Project #4 - Introduction to Statistical Inference

Purpose – Are North Shore Students Different?

In this project, students will demonstrate their understanding of the normal distribution, sampling distributions, confidence intervals and hypothesis tests to determine if NSCC students differ from typical averages or if any differences are just due to random variation.

Question 1: Sample v. Population

Tasks:

Load and store the sample NSCC Student Dataset using the read.csv() function.

# Store the NSCC student dataset in environment
nsccstudentdata <- read.csv('C:/Users/sband/Downloads/Honors Stats/nscc_student_data.csv')

Find the sample mean and sample size of the PulseRate variable in this dataset and answer the question that follows below.

# Mean pulse rate of this sample
mean(nsccstudentdata$PulseRate, na.rm = TRUE)

## [1] 73.47368

# Find the sample size of pulse rates (hint: its how many non-NA values are there)
table(is.na(nsccstudentdata$PulseRate))

## 
## FALSE  TRUE 
##    38     2

Questions:

Do you expect the sample mean to equal the true population mean?
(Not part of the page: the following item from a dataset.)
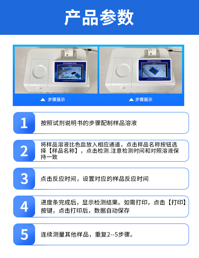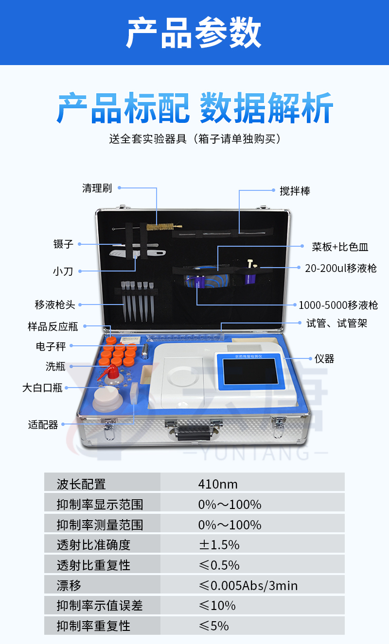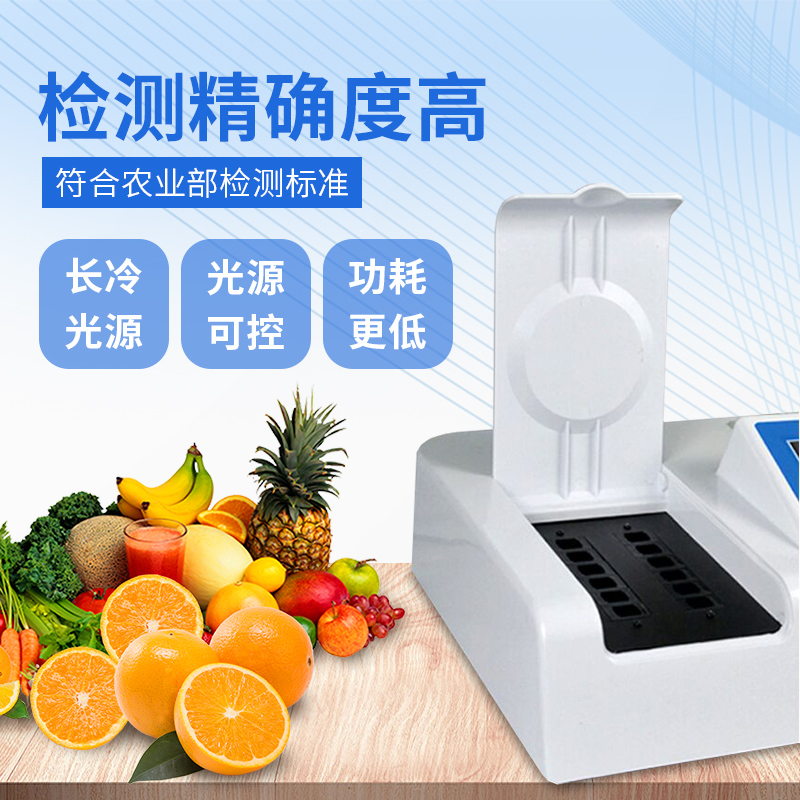 廣泛應用于主要用于蔬菜、水果、茶葉、糧食、農副產品等食品中有機磷和氨基甲酸酯類農藥殘留的快速檢測;此外還可用于果蔬茶生產基地和農貿批發銷售市場現場檢測,餐館、學校、食堂、家庭果蔬加工前的安全速測等。

Why?

The sample mean will not equal the true population mean because it would be almost impossible to get the true population mean, given that we would need to gather data on every single person. The sample mean can only estimate what the population mean might be.

If we took a different sample, would we get the same results?

A different sample would not produce the same results, especially in this case where the sample size is only 38 out of about 5000 students total. When taking a smaller sample size, individual observations can vary greatly.

Question 2: Confidence Intervals

Task: Construct 90%, 95%, and 99% Confidence Intervals for the mean pulse rate of all NSCC students. Assume that σ = 14.

# Store mean
meanpulserate <- mean(nsccstudentdata$PulseRate, na.rm = TRUE)

# Calculate lower bound of 95% CI
meanpulserate - 1.96*(14/sqrt(38))

## [1] 69.02233

# Calculate upper bound of 95% CI
meanpulserate + 1.96*(14/sqrt(38))

## [1] 77.92504

# Calculate lower bound of 90% CI
meanpulserate - 1.645*(14/sqrt(38))

## [1] 69.73772

# Calculate upper bound of 90% CI
meanpulserate + 1.645*(14/sqrt(38))

## [1] 77.20964

# Calculate the lower bound of 99% CI
meanpulserate - 2.58*(14/sqrt(38))

## [1] 67.61425

# Calculate the upper bound of 99% CI
meanpulserate + 2.58*(14/sqrt(38))

## [1] 79.33312

Questions:

Interpret your 95% CI in plain language

We can be 95% confident that the average pulse rate of all NSCC students is between 69.02 and 77.93 BPM.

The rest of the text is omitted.